The Australian Bureau of Statistics (ABS) has announced a rise in the unemployment rate and an increase in working hours.

According to the ABS, the seasonally adjusted unemployment rate rose to 3.7 per cent last month from February, a 0.1 per cent increase.

Despite the alarming figures, ABS head of labour statistics Bjorn Jarvis has stated that these figures still remain above pre-Covid levels.

“With employment dropping by around 4,000 people and the number of unemployed increasing by 18,000 people, the unemployment rate rose to 3.7 per cent,” Mr Jarvis said.

“Even with these falls, both indicators were still well above pre-COVID-19 pandemic levels and close to their historical highs in 2022.”

The below graph shows the rate of unemployment in April compared yearly from 2013 to 2022, indicating unemployment is still not as high as in previous years.

The ABS also estimated 4,300 jobs were lost last month, compared to economist’s expectations of a 25,000 job increase for the month.

It was further determined that in April 2023 whilst full-time employment decreased by 27,100 to 9,726,500 employees, part-time employment experienced an increase of 22,800, resulting in a total of 4,155,600 part time employees.

Alongside a loss of jobs and rise of unemployment, in the same period, overall hours worked increased by 49.6 million hours, or 2.6 per cent in seasonally adjusted terms.

Mr Jarvis said this could be accredited to less people taking time off during the Easter period this year.

“Fewer people than usual worked reduced hours over the Easter period,” Mr Jarvis said.

The last time Easter and the survey period aligned like this was in 2015, when around 60 per cent of employed people worked fewer hours than usual.

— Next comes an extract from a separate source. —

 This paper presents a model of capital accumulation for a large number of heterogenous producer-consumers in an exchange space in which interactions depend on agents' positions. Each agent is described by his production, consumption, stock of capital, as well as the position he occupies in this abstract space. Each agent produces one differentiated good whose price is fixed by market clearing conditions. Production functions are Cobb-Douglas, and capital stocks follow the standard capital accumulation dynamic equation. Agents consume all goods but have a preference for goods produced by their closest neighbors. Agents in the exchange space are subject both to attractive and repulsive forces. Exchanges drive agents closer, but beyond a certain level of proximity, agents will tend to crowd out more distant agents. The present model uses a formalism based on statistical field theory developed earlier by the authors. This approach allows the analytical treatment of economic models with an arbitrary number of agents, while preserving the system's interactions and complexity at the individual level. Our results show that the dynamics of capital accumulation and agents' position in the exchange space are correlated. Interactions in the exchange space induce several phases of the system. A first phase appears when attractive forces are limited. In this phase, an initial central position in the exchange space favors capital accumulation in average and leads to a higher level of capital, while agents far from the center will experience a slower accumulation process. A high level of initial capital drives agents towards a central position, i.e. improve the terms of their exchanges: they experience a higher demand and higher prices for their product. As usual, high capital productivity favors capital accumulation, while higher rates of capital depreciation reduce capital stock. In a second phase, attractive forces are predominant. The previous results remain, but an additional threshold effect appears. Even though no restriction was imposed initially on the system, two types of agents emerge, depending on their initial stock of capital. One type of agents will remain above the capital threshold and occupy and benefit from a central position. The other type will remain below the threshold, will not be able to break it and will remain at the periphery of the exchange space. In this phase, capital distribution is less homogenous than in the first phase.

This Easter it was only around 55 per cent of employed people.

“This may reflect more people taking their leave earlier or later than usual.”

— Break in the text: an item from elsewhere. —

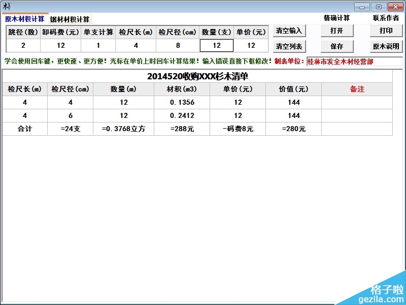 7、单支计算:价格=数量*单价,不按材积立方计算价格,在单支计算中输入1或0则按单支计算价值,输入其他都是按材积立方计算价值,当然材积还是计算在总材积内的;(如:当在单支计算输入1时,数量输入8;单价输入20;那么回车后下表框价值显示为160);
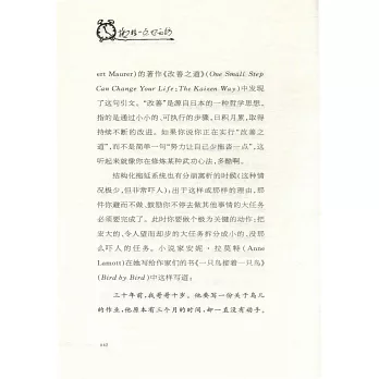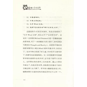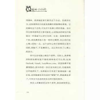 資深拖延者兼堂堂哲學家佩里教授,在這本風趣機智的小書中為拖延者翻了案。其實,大部分拖延者都不是一事無成的窩囊廢,在逃避那些「本該做的事情」的同時,拖延者們還是卓有成效地完成了不少其他事情嘛。在這本充滿哲思的小書中,佩里慷慨地分享了他多年來得出的一套戰「拖」心法。比如,拖延者可以利用自己的畏難心理,調整待辦事項清單,辦成不少不那麼重要但也挺重要的事情,例如:第一項,學外語;第二項,翻修廚房;然後你就可以很驕傲地說,我做完了第三項,遛狗。拖拖拉拉不是罪。最重要的是,佩里希望拖延者們能夠不再從心理上「對抗」拖延,而是學會「接受」自己的做事習慣,並聰明地利用它。畢竟,沮喪和罪惡感只會加重我們拖延的慾望。多年來,佩里一直有心要為《結構化拖延法》添加內容,不料積習難改。如今,沿著這篇短文的思路,同時拖著作業不改,論文不看,佩里終於為自己正了名——他確實寫完了這本書,在首次提出該理論僅僅15年之後。

Source: Australian Bureau of Statistics

Capital Economics employee Adhijit Surya said that the labour market conditions should continue to slacken.

“Falling job vacancies point to the unemployment rate continuing to climb higher in the coming months,” he said.

“Against this backdrop, we’re sticking to our forecast that the unemployment rate will reach 4.4 per cent by year-end, above the 4 per cent the RBA is currently expecting.”

The ABS defines seasonal adjustment as the removal of seasonal patterns that can make it difficult to see the effects of other influences on data.